The Nordic Warrior Queen said I’m getting…well, a little husky. What? “I didn’t say you were fat, dear.” Sure she didn’t. I know what it means. When I was a kid, there were three types of Wrangler jeans – Slim, Regular, and Husky. All the fat kids wore the ones labeled Husky, including Scotty Wilson, who was regularly hung from the jungle gym by his underwear at recess. I can still remember the sound of the elastic tearing, and the howls of laughter coming from the Slims and Regulars.
So I decided to do something about it. After all, I’m nearly fifty; maybe it’s time to start watching what I eat. No more barbeque potato chips, Macadamia nut cookies, deep-dish pizza, or grilled burritos. For nearly two entire weeks I stopped drinking beer, ate seventeen servings of fruits and vegetables each day, and exercised like a madman. I hit the Nautilus, did curls until my arms ached, and squatted until I couldn’t stand up. But I knew Dr. Oz (that quack) would recommend something more cardiovascular – that I should get my heart pumping.

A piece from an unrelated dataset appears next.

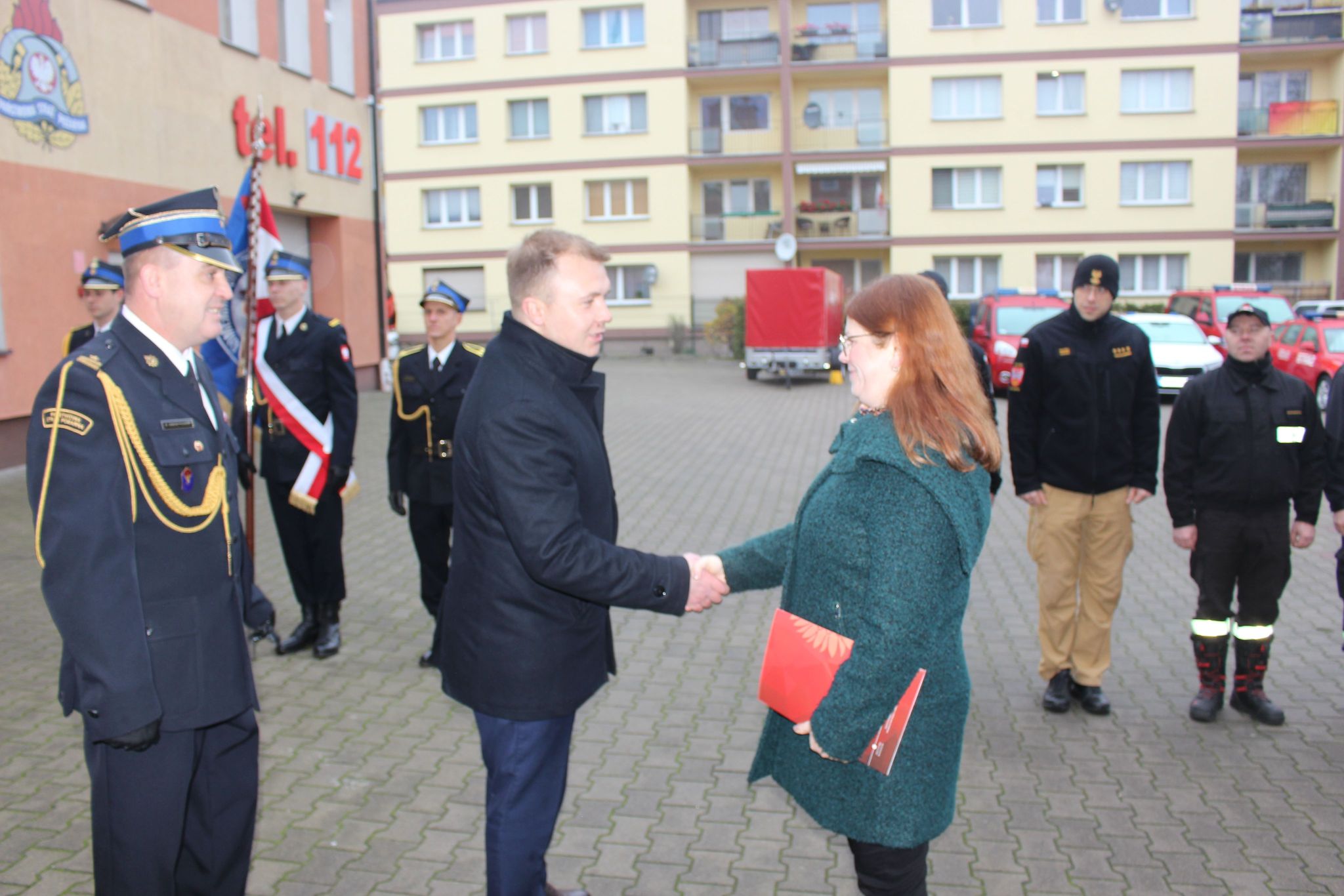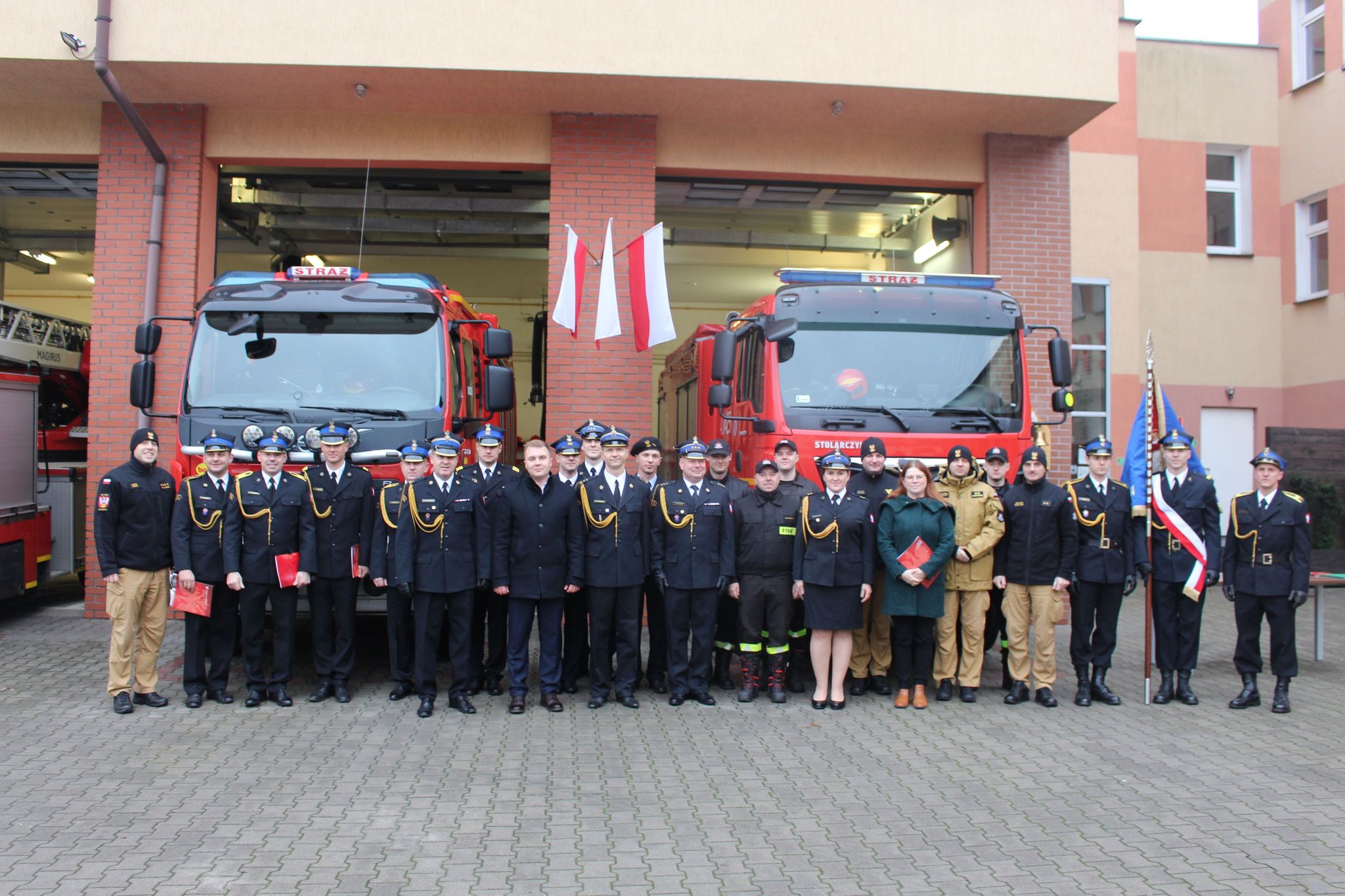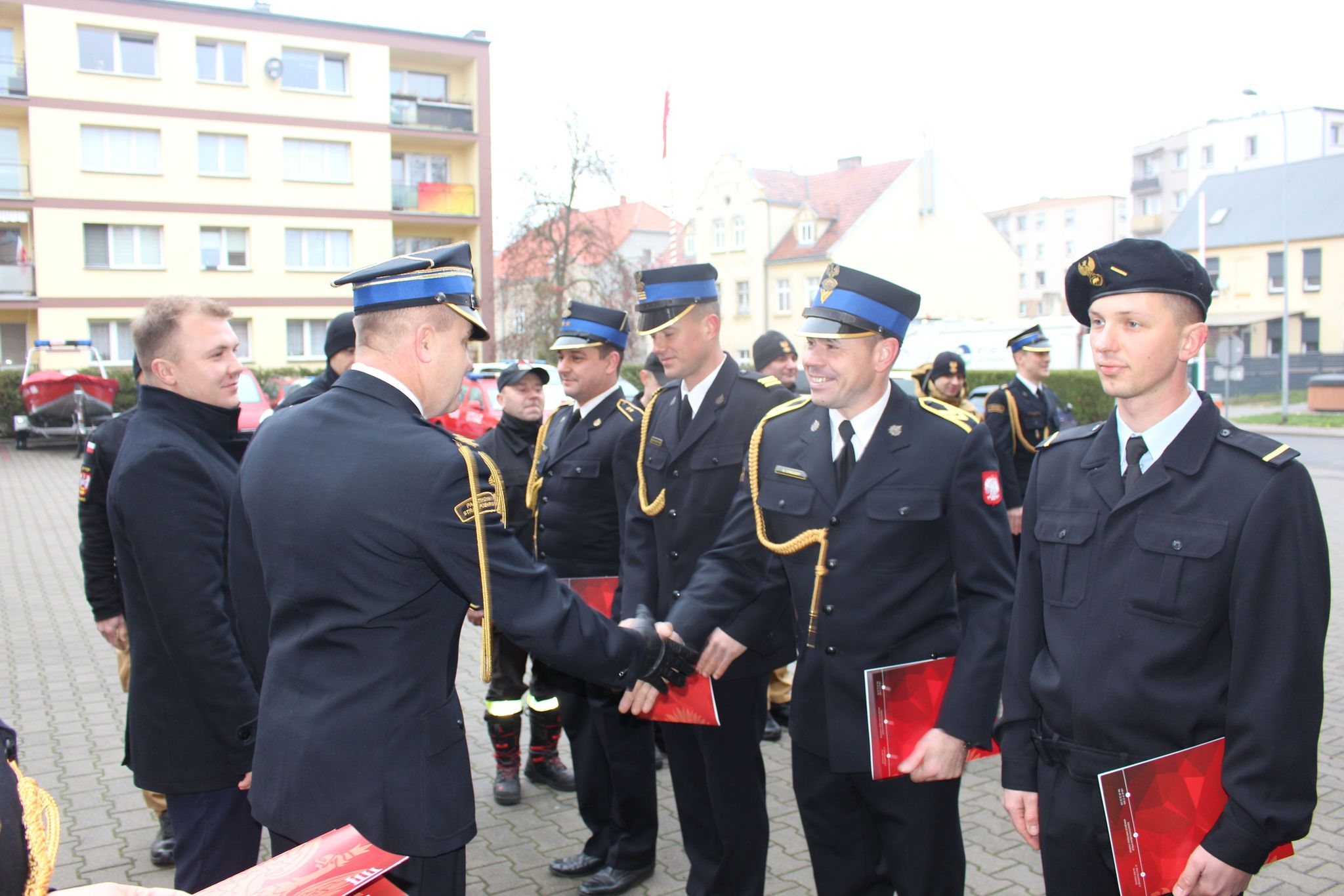 Wręczenia decyzji o awansie na wyższy stopień służbowy oraz decyzji nagrodowych dokonał Komendant Powiatowy Państwowej Straży Pożarnej w Chodzieży mł. bryg. Maciej Zwierzykowski oraz Starosta Chodzieski Pan Adrian Urbański, którzy podziękowali strażakom za ofiarną i profesjonalną służbę oraz za duże zaangażowanie w realizację zadań i obowiązków służbowych. W uroczystej zmianie służby uczestniczyło całe kierownictwo chodzieskiej komendy, wszyscy funkcjonariusze systemu codziennego, pracownicy korpusu służby cywilnej oraz zmiany służbowe JRG.

She suggested I walk every day, but by Tuesday I was bored out of my skull. Besides, I could walk to the Grand Canyon and back and not lose half a pound. Worse, every hundred yards or so I’d get passed by one of those 70-something old fucks: the guy who drinks Wheatgrass and tofu soy shakes for breakfast, has abs of steel and the sexual energy of a sixteen-year old son of a sheep farmer. Yeah, that guy.
So I started running. Of course, the Nordic Warrior Queen said I should work my way up slowly. That running is hard on your joints. Whatever. I wasn’t going to get shown up by some Jack Lalanne wanna-be. I admit it was a little rough at first. I might have puked once or twice. But by day five, I was whizzing past that geriatric bastard. Eat dust, you old fogey. I bought a pair of $250 running shoes and dropped another $70 on color coordinated running clothes.
It was going great until one day, while making plans for the Phoenix Marathon, I tripped in a gopher hole on the second lap. I could actually feel my tendon rip. Ouch. I limped home in agony. Unfortunately, I’d scoffed at my wife’s advice, so I had to hide my pain, lest she lay that big “I told you so” on me. I lasted two hours before she got it out of me. I think she’s told everyone in her family by now that I hurt myself running – Can you believe he was running at his age? I told him not to do that. Na-na-na-na-boo-boo.
It’s just a temporary setback. I need a couple more weeks to recover, that’s all, and I’ll soon be passing that skinny old bastard once again. And so I can stay motivated, I’ve been bringing a cooler full of beer down to the track and watching the runners every afternoon. It’s important to stay hydrated.